O ministro Alexandre de Moraes, do Supremo Tribunal Federal (STF), determinou nesta sexta-feira (24) o início imediato do cumprimento das penas dos cinco últimos condenados por participação na tentativa de golpe de Estado e por ações contra o regime democrático durante o governo do ex-presidente Jair Bolsonaro .
A decisão foi tomada depois que o processo chegou ao fim definitivo, quando não cabem mais recursos. Com isso, o caso foi encerrado na Justiça e as prisões puderam ser autorizadas. Os condenados fazem parte do chamado núcleo 2 do caso.
Os núcleos 1, 3 e 4 já tinham tido as penas executadas anteriormente.
As penas foram definidas pela Primeira Turma do STF e variam de oito anos e seis meses até 26 anos e seis meses de prisão.
Os crimes incluem participação em organização criminosa armada, tentativa de acabar com o Estado Democrático de Direito, tentativa de golpe de Estado, além de danos ao patrimônio público e destruição de bens protegidos.
Entre os condenados está Mário Fernandes, general do Exército e ex-secretário-executivo da Presidência.
Ele recebeu a maior pena, de 26 anos e seis meses de prisão. Segundo o processo, ele teria participado de um plano para assassinar o presidente Luiz Inácio Lula da Silva (PT), o vice-presidente Geraldo Alckmin (PSB) e o ministro Alexandre de Moraes. O plano ficou conhecido como “Punhal Verde e Amarelo”.
Silvinei Vasques, ex-diretor da Polícia Rodoviária Federal (PRF), foi condenado a 24 anos e seis meses de prisão. Ele foi acusado de usar a estrutura da PRF para dificultar o deslocamento de eleitores de Lula (PT) durante as eleições de 2022.

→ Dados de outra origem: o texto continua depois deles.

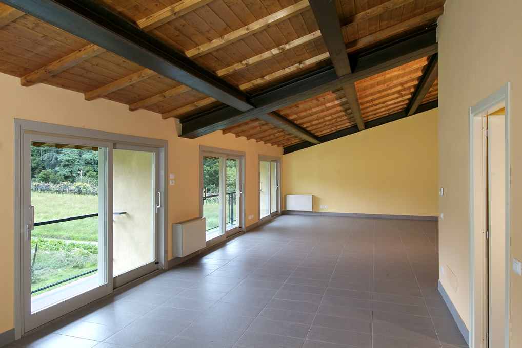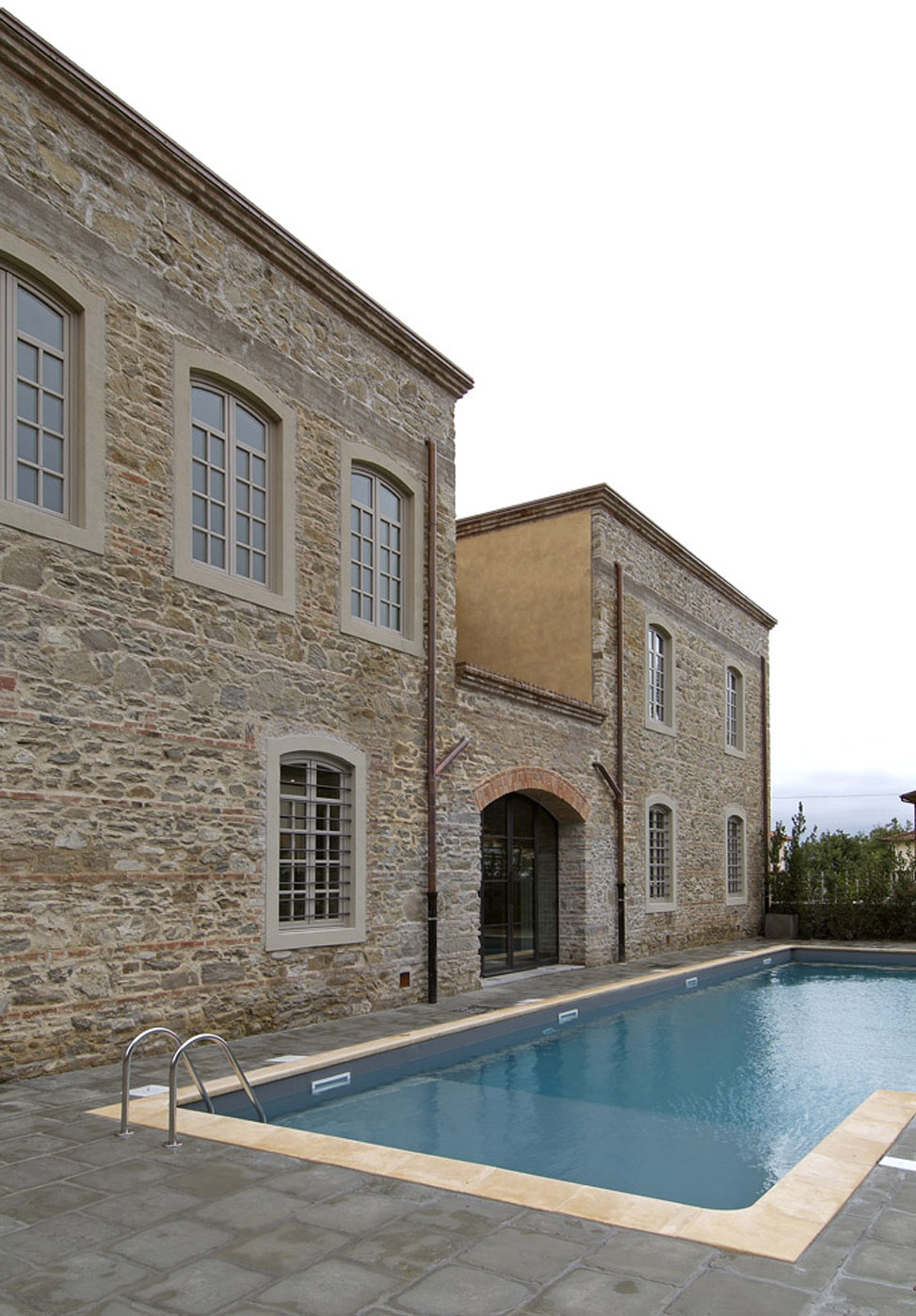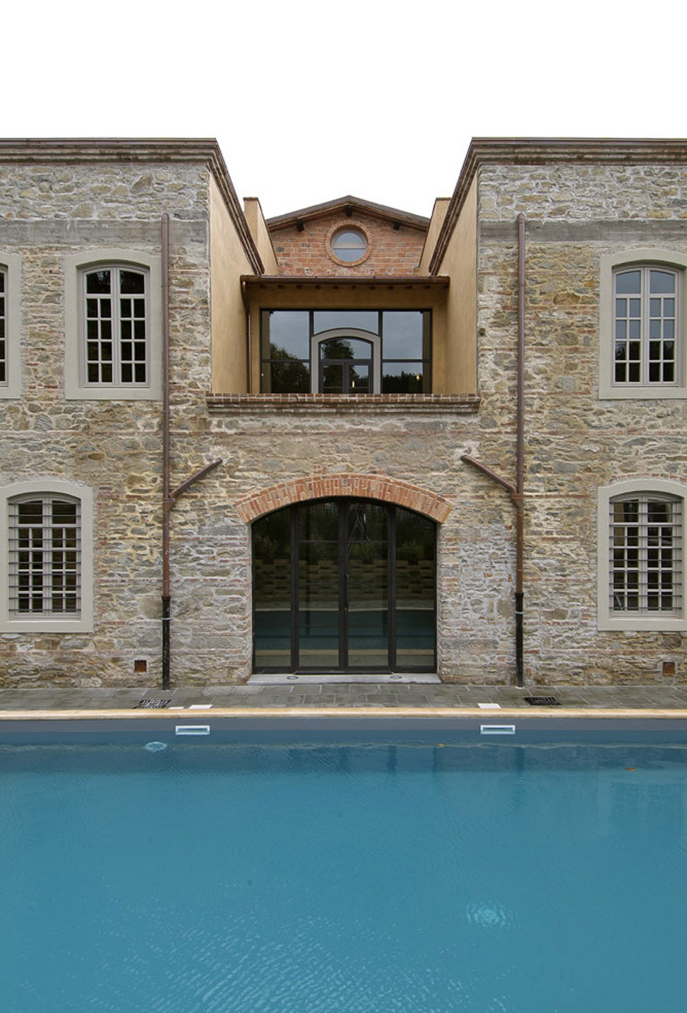 Le finestre in legno lamellare con vetri camera ad alta efficienza energetica garantiscono un eccellente isolamento termico, mentre le porte interne in legno massello sono state personalizzate nei colori e nelle finiture per adattarsi allo stile degli interni. Ogni elemento è stato progettato e montato con la precisione tipica della lavorazione artigianale toscana.

Marcelo Costa Câmara e Filipe Garcia Martins Pereira receberam pena de 21 anos cada um. Martins é apontado como responsável pela elaboração da chamada minuta de golpe. Já Marcelo Câmara foi acusado de monitorar ilegalmente a rotina de Alexandre de Moraes.
A delegada da Polícia Federal (PF), Marília Ferreira de Alencar foi condenada a oito anos e seis meses de prisão. Ela teria participado da produção de dados usados em operações de bloqueio em rodovias.
Um dos investigados, Fernando de Sousa Oliveira, foi absolvido por falta de provas.
Além das prisões, todos os condenados terão de pagar multa calculada por dias de pena, sendo cada dia equivalente a um salário mínimo. O grupo também foi condenado a pagar, de forma conjunta, R$ 30 milhões por danos causados à sociedade.